'''

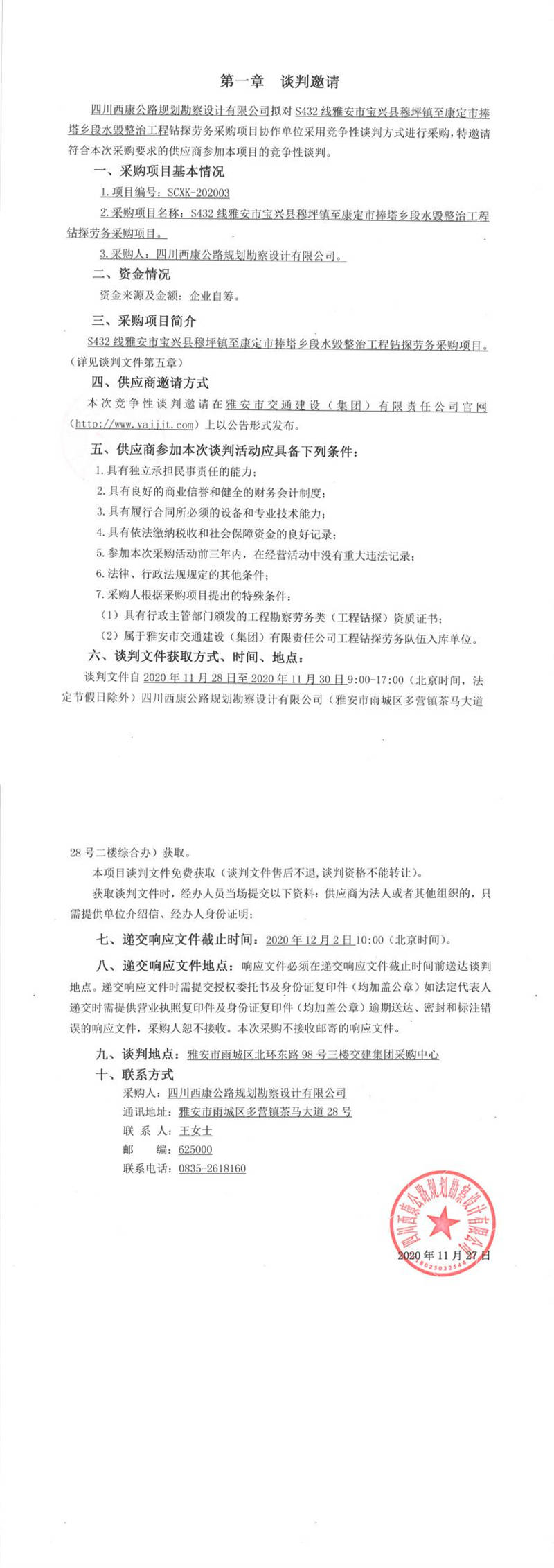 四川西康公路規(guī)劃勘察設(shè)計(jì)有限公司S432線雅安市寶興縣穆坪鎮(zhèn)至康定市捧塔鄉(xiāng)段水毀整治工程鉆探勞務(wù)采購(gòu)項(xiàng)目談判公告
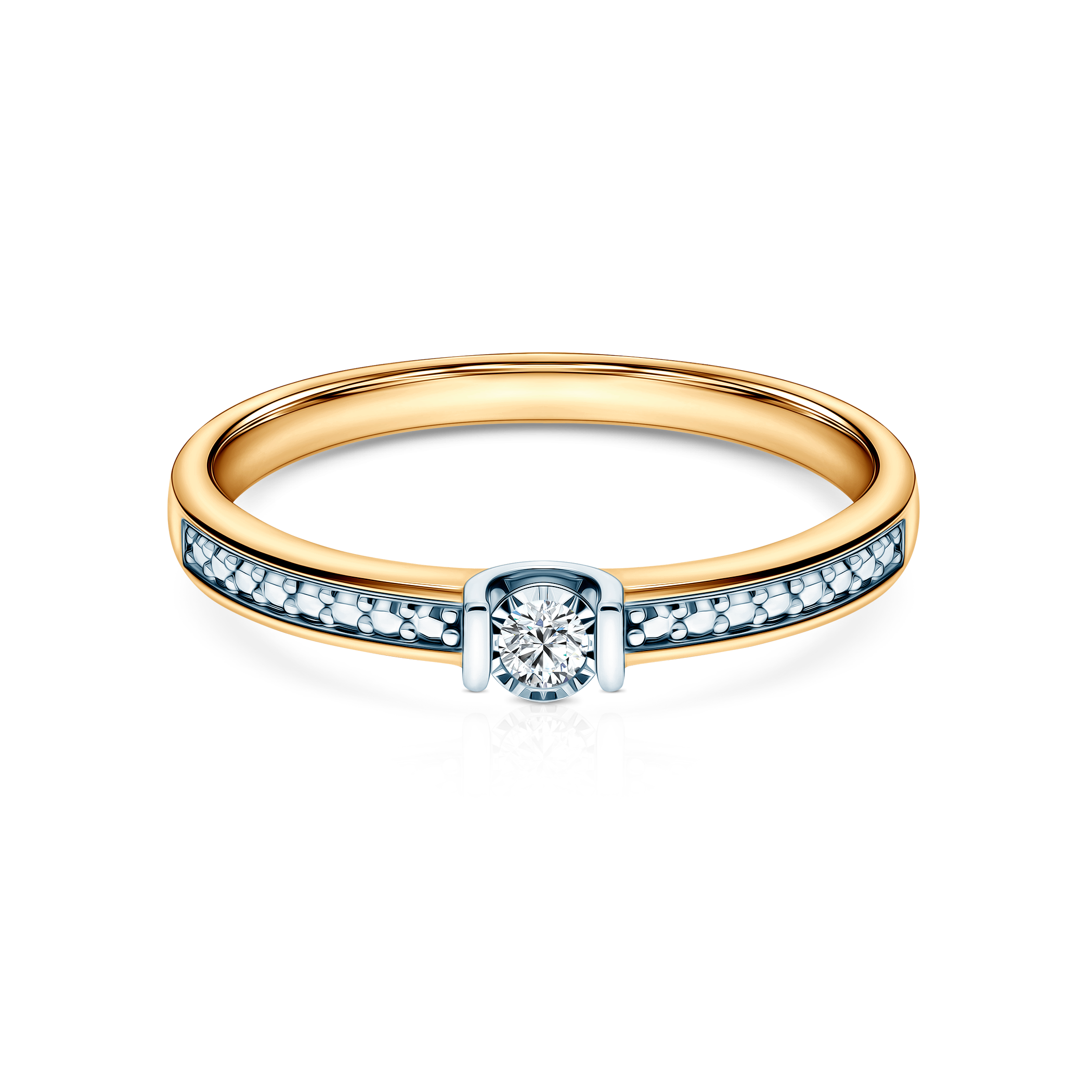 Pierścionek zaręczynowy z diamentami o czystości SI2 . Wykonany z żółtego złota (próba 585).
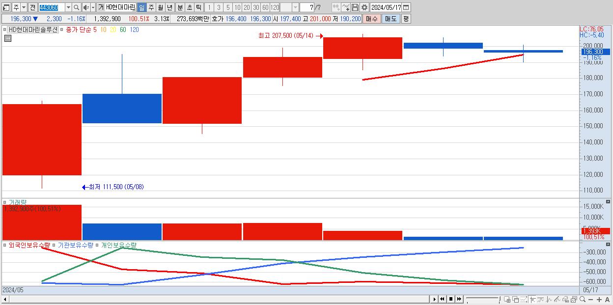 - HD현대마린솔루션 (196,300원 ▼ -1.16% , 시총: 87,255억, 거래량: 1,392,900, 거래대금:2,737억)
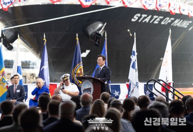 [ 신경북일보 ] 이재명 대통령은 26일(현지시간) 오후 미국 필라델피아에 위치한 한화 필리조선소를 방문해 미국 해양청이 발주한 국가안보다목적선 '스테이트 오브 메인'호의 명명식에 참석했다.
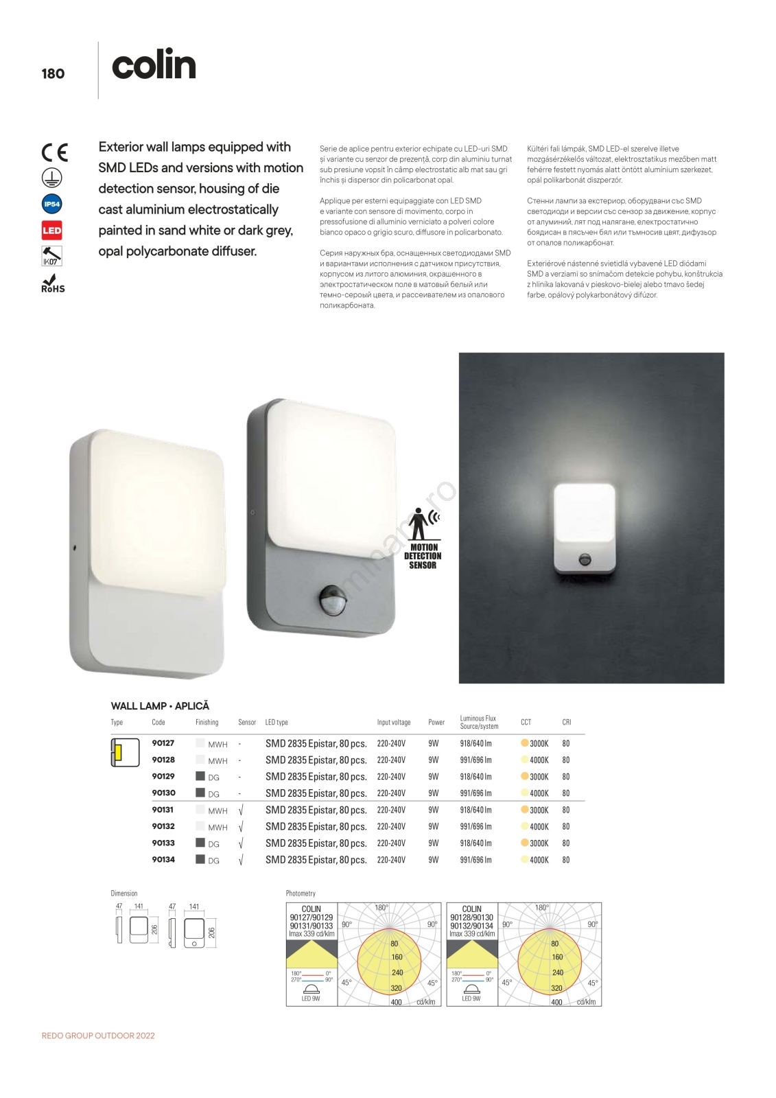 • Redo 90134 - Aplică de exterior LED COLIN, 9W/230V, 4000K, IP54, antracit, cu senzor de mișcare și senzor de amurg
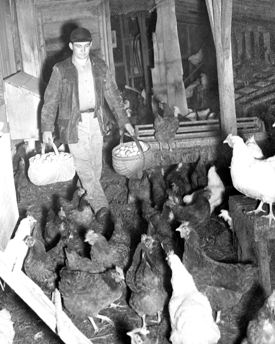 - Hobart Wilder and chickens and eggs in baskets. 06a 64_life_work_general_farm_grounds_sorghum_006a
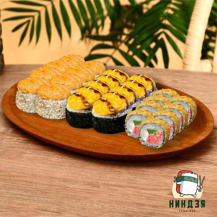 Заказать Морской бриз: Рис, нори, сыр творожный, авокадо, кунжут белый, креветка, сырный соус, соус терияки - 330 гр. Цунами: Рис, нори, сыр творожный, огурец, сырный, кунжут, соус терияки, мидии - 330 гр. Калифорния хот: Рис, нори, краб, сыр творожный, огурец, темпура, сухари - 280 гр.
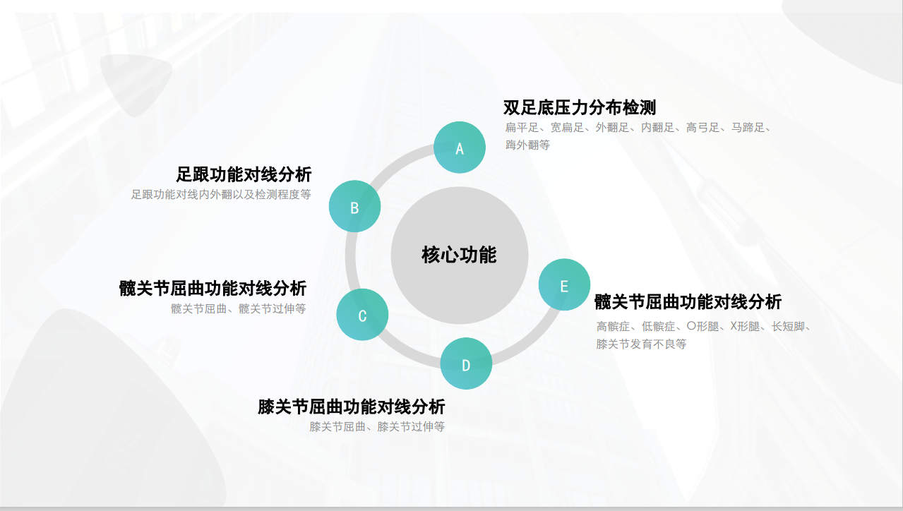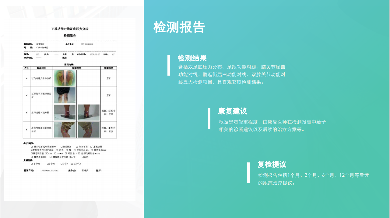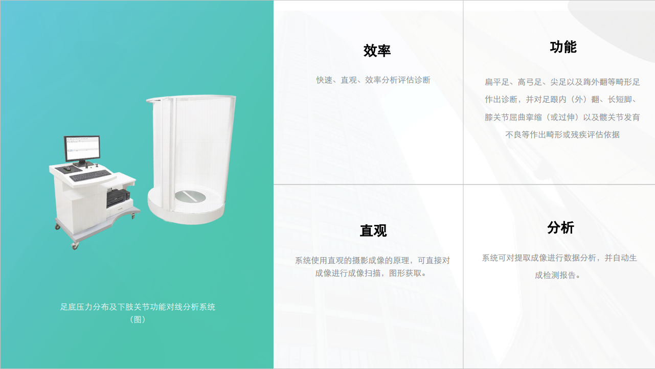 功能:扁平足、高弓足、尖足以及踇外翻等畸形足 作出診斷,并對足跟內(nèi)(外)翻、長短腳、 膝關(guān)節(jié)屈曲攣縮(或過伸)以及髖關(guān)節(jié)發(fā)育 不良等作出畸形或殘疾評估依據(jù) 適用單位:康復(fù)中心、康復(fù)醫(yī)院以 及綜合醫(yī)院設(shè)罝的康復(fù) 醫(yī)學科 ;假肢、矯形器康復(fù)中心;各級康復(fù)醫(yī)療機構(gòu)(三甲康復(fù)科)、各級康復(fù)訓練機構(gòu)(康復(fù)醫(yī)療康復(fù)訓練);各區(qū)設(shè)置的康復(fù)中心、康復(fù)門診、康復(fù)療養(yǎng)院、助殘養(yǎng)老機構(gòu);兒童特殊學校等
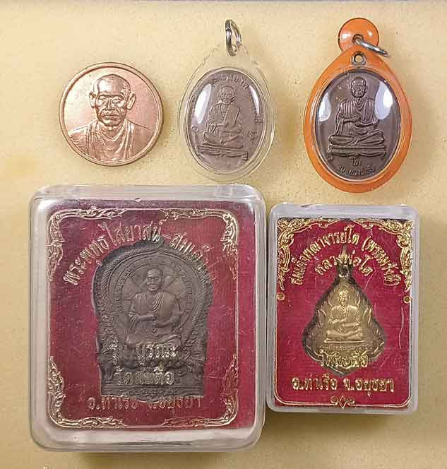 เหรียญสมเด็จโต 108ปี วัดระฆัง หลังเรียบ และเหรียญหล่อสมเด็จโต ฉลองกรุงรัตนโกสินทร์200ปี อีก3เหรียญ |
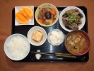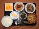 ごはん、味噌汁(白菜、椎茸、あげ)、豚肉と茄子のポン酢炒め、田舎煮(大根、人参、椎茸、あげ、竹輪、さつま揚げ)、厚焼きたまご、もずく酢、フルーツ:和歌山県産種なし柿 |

'''

» **Work to complete**
Transcribe exactly the lines from the one holding "- Hobart Wilder" through the final line of the material above, both ends included; any pictures should be dropped.

» **Answer to the problem**
 - Hobart Wilder and chickens and eggs in baskets. 06a 64_life_work_general_farm_grounds_sorghum_006a
 Заказать Морской бриз: Рис, нори, сыр творожный, авокадо, кунжут белый, креветка, сырный соус, соус терияки - 330 гр. Цунами: Рис, нори, сыр творожный, огурец, сырный, кунжут, соус терияки, мидии - 330 гр. Калифорния хот: Рис, нори, краб, сыр творожный, огурец, темпура, сухари - 280 гр.
 功能:扁平足、高弓足、尖足以及踇外翻等畸形足 作出診斷,并對足跟內(nèi)(外)翻、長短腳、 膝關(guān)節(jié)屈曲攣縮(或過伸)以及髖關(guān)節(jié)發(fā)育 不良等作出畸形或殘疾評估依據(jù) 適用單位:康復(fù)中心、康復(fù)醫(yī)院以 及綜合醫(yī)院設(shè)罝的康復(fù) 醫(yī)學科 ;假肢、矯形器康復(fù)中心;各級康復(fù)醫(yī)療機構(gòu)(三甲康復(fù)科)、各級康復(fù)訓練機構(gòu)(康復(fù)醫(yī)療康復(fù)訓練);各區(qū)設(shè)置的康復(fù)中心、康復(fù)門診、康復(fù)療養(yǎng)院、助殘養(yǎng)老機構(gòu);兒童特殊學校等
 เหรียญสมเด็จโต 108ปี วัดระฆัง หลังเรียบ และเหรียญหล่อสมเด็จโต ฉลองกรุงรัตนโกสินทร์200ปี อีก3เหรียญ |
 ごはん、味噌汁(白菜、椎茸、あげ)、豚肉と茄子のポン酢炒め、田舎煮(大根、人参、椎茸、あげ、竹輪、さつま揚げ)、厚焼きたまご、もずく酢、フルーツ:和歌山県産種なし柿 |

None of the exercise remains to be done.